- [What is required]:
Restate word for word the lines of the records below, starting at the line that contains "Ā Ā Ā Read moreWe" and ending at the line that contains "Система питания двигателя", with both of those lines included and nothing else.

- [Records for this exercise]:
== Segment start ==

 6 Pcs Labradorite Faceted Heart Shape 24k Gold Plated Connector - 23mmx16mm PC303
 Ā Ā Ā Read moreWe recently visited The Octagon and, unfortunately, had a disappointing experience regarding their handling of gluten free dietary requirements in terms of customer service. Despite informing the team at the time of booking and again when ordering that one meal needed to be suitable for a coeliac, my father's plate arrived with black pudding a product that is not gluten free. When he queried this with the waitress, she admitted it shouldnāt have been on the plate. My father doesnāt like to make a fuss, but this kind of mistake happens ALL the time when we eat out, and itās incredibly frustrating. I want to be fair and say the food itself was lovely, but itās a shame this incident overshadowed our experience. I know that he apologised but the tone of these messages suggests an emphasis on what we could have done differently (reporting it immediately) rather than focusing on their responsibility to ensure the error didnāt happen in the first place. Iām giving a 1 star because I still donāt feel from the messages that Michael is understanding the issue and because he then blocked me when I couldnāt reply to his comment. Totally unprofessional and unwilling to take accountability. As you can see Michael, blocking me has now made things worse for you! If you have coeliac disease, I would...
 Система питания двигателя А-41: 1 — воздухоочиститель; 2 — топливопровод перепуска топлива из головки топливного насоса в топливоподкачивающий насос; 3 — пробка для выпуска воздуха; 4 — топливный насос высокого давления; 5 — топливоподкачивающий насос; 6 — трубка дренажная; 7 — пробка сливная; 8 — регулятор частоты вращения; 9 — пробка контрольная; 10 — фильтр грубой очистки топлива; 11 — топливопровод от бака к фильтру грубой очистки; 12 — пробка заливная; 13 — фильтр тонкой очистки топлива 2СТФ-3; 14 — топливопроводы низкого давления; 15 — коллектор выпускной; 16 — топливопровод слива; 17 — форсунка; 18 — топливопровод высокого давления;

== Segment end ==
== Segment start ==

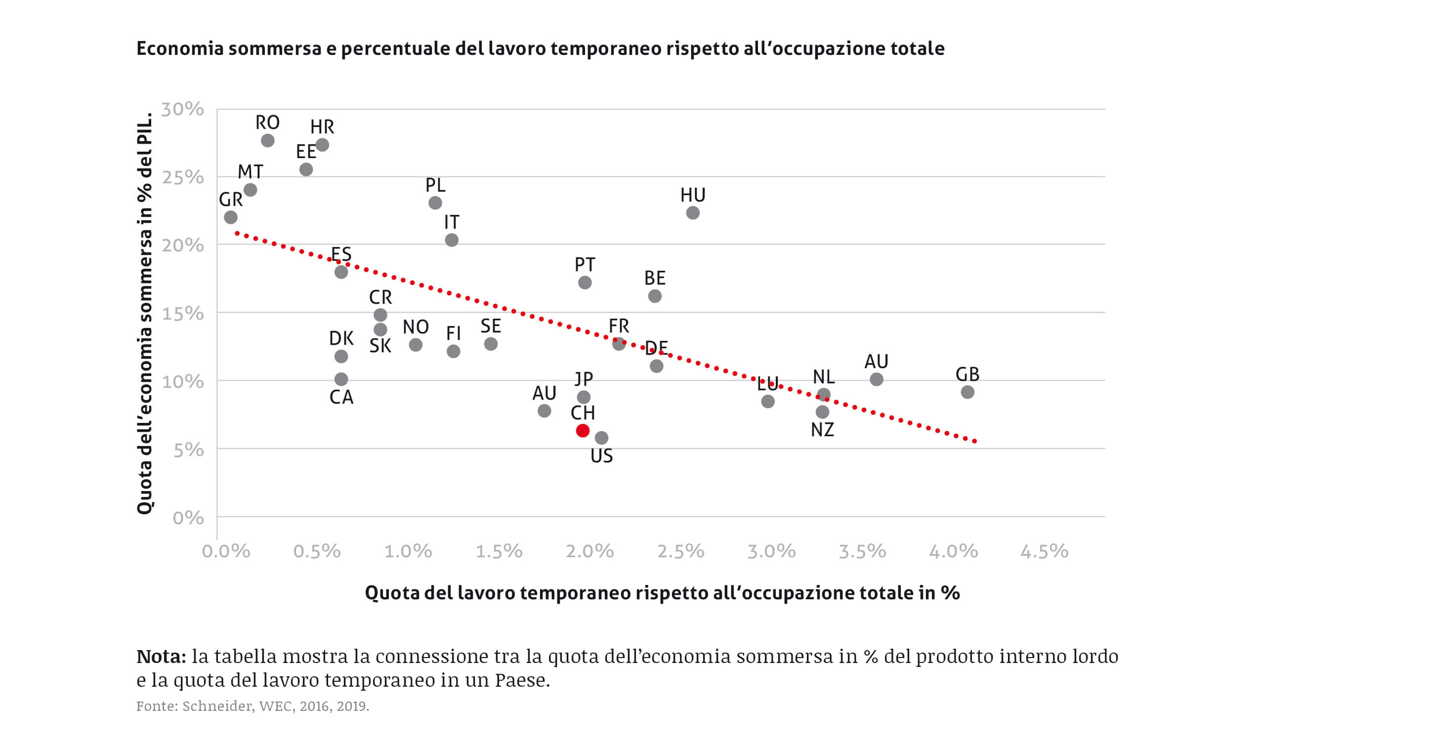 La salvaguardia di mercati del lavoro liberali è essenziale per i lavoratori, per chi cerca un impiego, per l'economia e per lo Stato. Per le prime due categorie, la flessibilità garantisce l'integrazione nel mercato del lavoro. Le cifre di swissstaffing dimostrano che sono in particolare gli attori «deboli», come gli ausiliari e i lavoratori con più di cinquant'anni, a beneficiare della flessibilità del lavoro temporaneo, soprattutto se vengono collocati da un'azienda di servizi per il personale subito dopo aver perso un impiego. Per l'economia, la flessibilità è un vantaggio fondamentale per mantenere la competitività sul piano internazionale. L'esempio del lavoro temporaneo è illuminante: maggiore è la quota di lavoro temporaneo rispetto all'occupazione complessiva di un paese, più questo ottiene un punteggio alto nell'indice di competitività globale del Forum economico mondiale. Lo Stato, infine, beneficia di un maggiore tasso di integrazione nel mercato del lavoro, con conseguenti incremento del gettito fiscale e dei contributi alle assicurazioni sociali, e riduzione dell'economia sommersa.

== Segment end ==

- [Exercise result]:
 Ā Ā Ā Read moreWe recently visited The Octagon and, unfortunately, had a disappointing experience regarding their handling of gluten free dietary requirements in terms of customer service. Despite informing the team at the time of booking and again when ordering that one meal needed to be suitable for a coeliac, my father's plate arrived with black pudding a product that is not gluten free. When he queried this with the waitress, she admitted it shouldnāt have been on the plate. My father doesnāt like to make a fuss, but this kind of mistake happens ALL the time when we eat out, and itās incredibly frustrating. I want to be fair and say the food itself was lovely, but itās a shame this incident overshadowed our experience. I know that he apologised but the tone of these messages suggests an emphasis on what we could have done differently (reporting it immediately) rather than focusing on their responsibility to ensure the error didnāt happen in the first place. Iām giving a 1 star because I still donāt feel from the messages that Michael is understanding the issue and because he then blocked me when I couldnāt reply to his comment. Totally unprofessional and unwilling to take accountability. As you can see Michael, blocking me has now made things worse for you! If you have coeliac disease, I would...
 Система питания двигателя А-41: 1 — воздухоочиститель; 2 — топливопровод перепуска топлива из головки топливного насоса в топливоподкачивающий насос; 3 — пробка для выпуска воздуха; 4 — топливный насос высокого давления; 5 — топливоподкачивающий насос; 6 — трубка дренажная; 7 — пробка сливная; 8 — регулятор частоты вращения; 9 — пробка контрольная; 10 — фильтр грубой очистки топлива; 11 — топливопровод от бака к фильтру грубой очистки; 12 — пробка заливная; 13 — фильтр тонкой очистки топлива 2СТФ-3; 14 — топливопроводы низкого давления; 15 — коллектор выпускной; 16 — топливопровод слива; 17 — форсунка; 18 — топливопровод высокого давления;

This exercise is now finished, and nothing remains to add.